As we can see, the average runtime of a Bollywood movie is around 140 minutes.

Also 7973 hours (approx.) of content has been produced by Indian Cinema. That's impressive!

year_mapping = dict()
for year in range(1950, 2020, 10):
    year_mapping[year] = 0
    for key in df["year_of_release"].dropna().value_counts().keys():
        if key != "\\N" and int(key) - year < 10:
            year_mapping[year] += df["year_of_release"].dropna().value_counts()[key]
                
plt.pie([val for val in year_mapping.values()], labels=[key for key in year_mapping.keys()], autopct="%.2f")
plt.plot()
plt.show()

The above pie chart shows the % of movies released (categorized by decade). Almost 75% of all movies were released in the last 3 decades. The film industry saw an approx. of 5% growth every decade!

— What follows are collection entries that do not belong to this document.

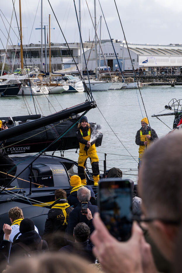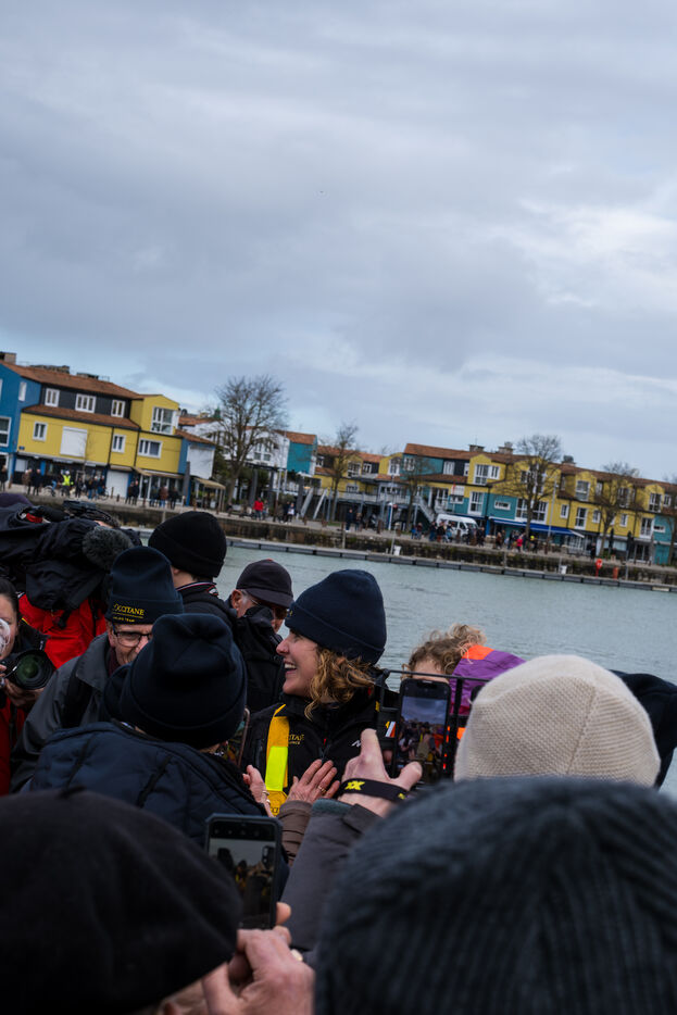 Arriving on Monday, January 27, 2025, Clarisse Cremer finished her round-the-world journey in eleventh place, after 77 days and 15 hours at sea. Once crossing the finish line off the coast of Les Sables-d'Olonne, the skipper was diverted to La Rochelle due to Storm Herminia. The people of La Rochelle came out in large numbers to celebrate the sailor's arrival. In the previous edition of the Vendée Globe in 2020, she became the fastest woman in the history of the race.
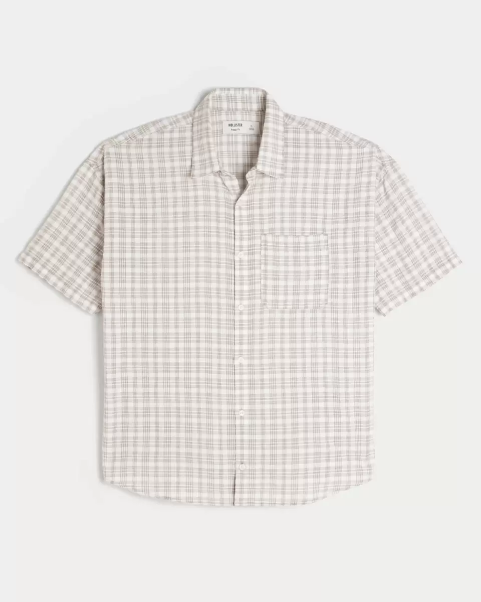 This classic, comfortable short-sleeve shirt features a plaid pattern and left chest pocket. Full button closure, collar. Baggy Fit. Imported.
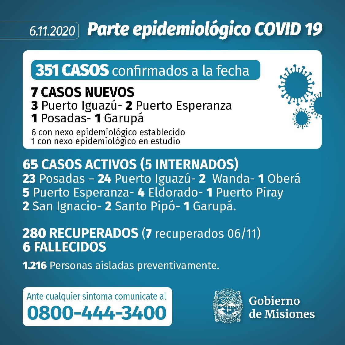 De los 351 casos 65 permanecen activos, 5 de ellos en internación. Además se informó que 7 personas se recuperaron y 1216 personas permanecen en aislamiento domiciliario.
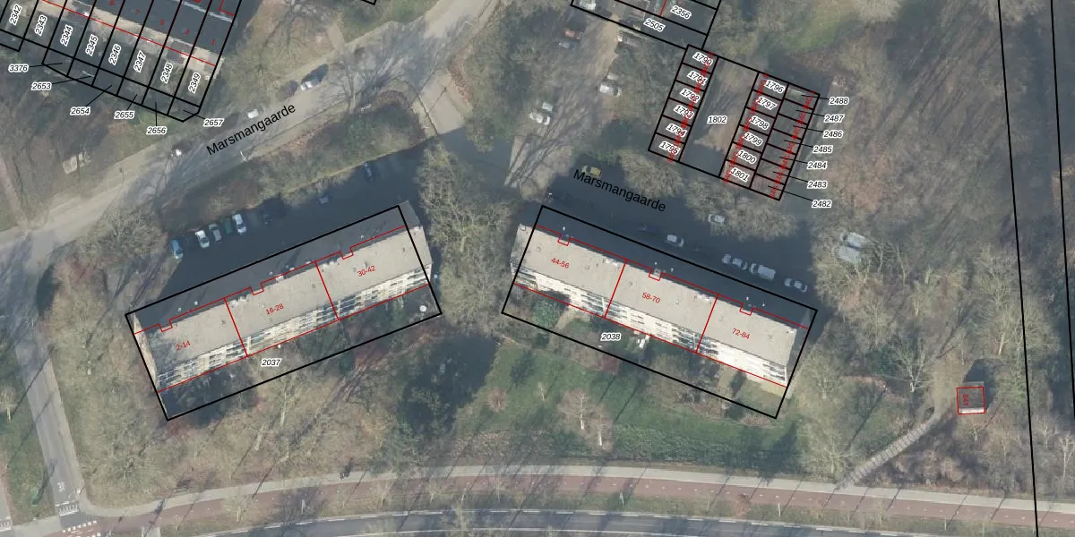 Het perceel waarop Marsmangaarde 50 staat heeft een oppervlakte van 1164 m². Dit is een zeer groot perceel. De perceeloppervlakte wordt geregistreerd door het Kadaster. Gedetailleerde informatie over de maten van dit perceel kunt u vinden in het rapport Kadastrale kaart met maatvoering van Marsmangaarde 50.

We will now look at the blockbusters produced by Indian cinema. For this, I will be using IMDB's rating algorithm:

weighted rating (WR) = (v ÷ (v+m)) × R + (m ÷ (v+m)) × C
Where:
R = average for the movie (mean) = (rating)
v = number of votes for the movie = (votes)
m = minimum votes required to be listed in the Top Rated list (currently 25,000)
C = the mean vote across the whole report

All the genres in the dataset are:

all_genres = set([genre for genre in [genres for genres in df["genres"].tolist()] for genre in genre])
all_genres.remove("\\N")
all_genres

{'Action',
 'Adventure',
 'Animation',
 'Biography',
 'Comedy',
 'Crime',
 'Documentary',
 'Drama',
 'Family',
 'Fantasy',
 'History',
 'Horror',
 'Music',
 'Musical',
 'Mystery',
 'Romance',
 'Sci-Fi',
 'Short',
 'Sport',
 'Thriller',
 'War',
 'Western'}

def imdb_rating(film, C, m):
    vote = film["imdb_votes"]
    rating = film["imdb_rating"]

    return ((vote / (vote + m)) * rating) + ((m / (vote + m)) * C)

def top_movies(df, percentile=0.85, limit=10, offset=0, genre=None):
    if genre != None:
        top_df = df[df["genres"].apply(lambda genres: genre in genres)]
    else:
        top_df = df

    rating = df[df["imdb_rating"].notnull()]["imdb_rating"]
    votes = df[df["imdb_votes"].notnull()]["imdb_votes"]
    imdb_C = rating.mean()
    # For the dataset, percentile = 0.85 roughly corresponds to 2500
    # To match IMDB's parameter, percentile should be around 0.98026
    imdb_m = votes.quantile(percentile)

    top_df = top_df[top_df["imdb_votes"] >= imdb_m]

    pd.options.mode.chained_assignment = None
    top_df["rating"] = top_df.apply(imdb_rating, args=(imdb_C, imdb_m), axis=1)
    top_df = top_df.sort_values("rating", ascending=False)
    
    return top_df.iloc[offset: offset+limit]

top_movies(df)[["original_title", "imdb_rating", "imdb_votes", "rating", "year_of_release", "imdb_id"]]

To find top movies (by genre), simply fill the genre attribute

top_movies(df, genre="Mystery")[["original_title", "imdb_rating", "imdb_votes", "rating", "year_of_release", "imdb_id"]]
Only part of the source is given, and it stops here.